Wednesday, February 1, 2012

Stepfamilies as "Reconstituted" Families

Five days ago my laptop died. My tech-savvy FH has tried each day since to coax it back from the grave, but to no avail. So here I am working on a borrowed computer and mourning the loss of the dozens and dozens (and dozens) of blogs and articles I had bookmarked.

As I’ve been fretting over all the scholarly articles I had saved in my Favorites list, I was reminded of something about them that’s been bothering me for a while.
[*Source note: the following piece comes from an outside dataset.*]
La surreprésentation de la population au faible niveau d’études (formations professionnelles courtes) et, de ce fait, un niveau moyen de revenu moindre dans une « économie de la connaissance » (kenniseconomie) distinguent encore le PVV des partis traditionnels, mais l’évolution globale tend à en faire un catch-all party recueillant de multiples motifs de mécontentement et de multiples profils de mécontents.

Namely, that a lot of the scholarly articles I’ve read about stepfamilies refer to them as “reconstituted families.” (See here , here, and here for a few examples.) One article even refers to stepfamilies as “recreating families."
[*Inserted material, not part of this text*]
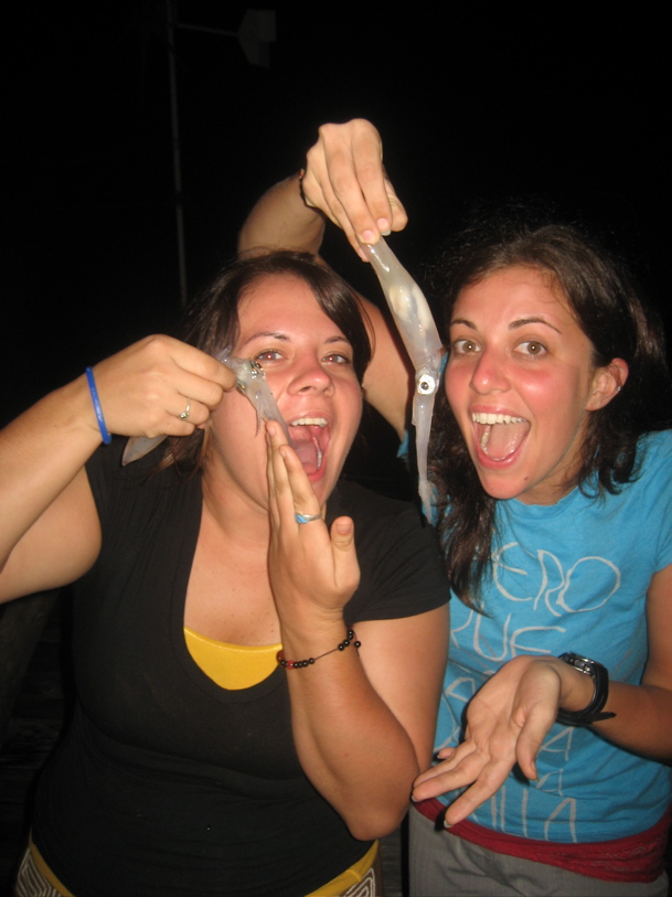 Kara and I enjoyed an evening helping CATCH our lunch. We had this freakishly large nets that were filled with crab, squid and fish. We caught it all and fried it up the next afternoon for lunch.

This description frustrates me because I think it’s both degrading and inaccurate. The word reconstituted means that something has been “reconstructed, restored, or rearranged.” In reality, though, a stepfamily is not just a family that has been rearranged. A stepfamily is a completely new family with its own unique joys and challenges.

I think as a stepmother it’s important to keep in mind that our family isn’t any less valuable, any less real of a family, just because we or our spouse has children from a previous relationship. A family by definition is the bond between all sorts of relations: adults, children, aunts, uncles, grandparents, and third cousins; a family is the bringing together of people who love one another.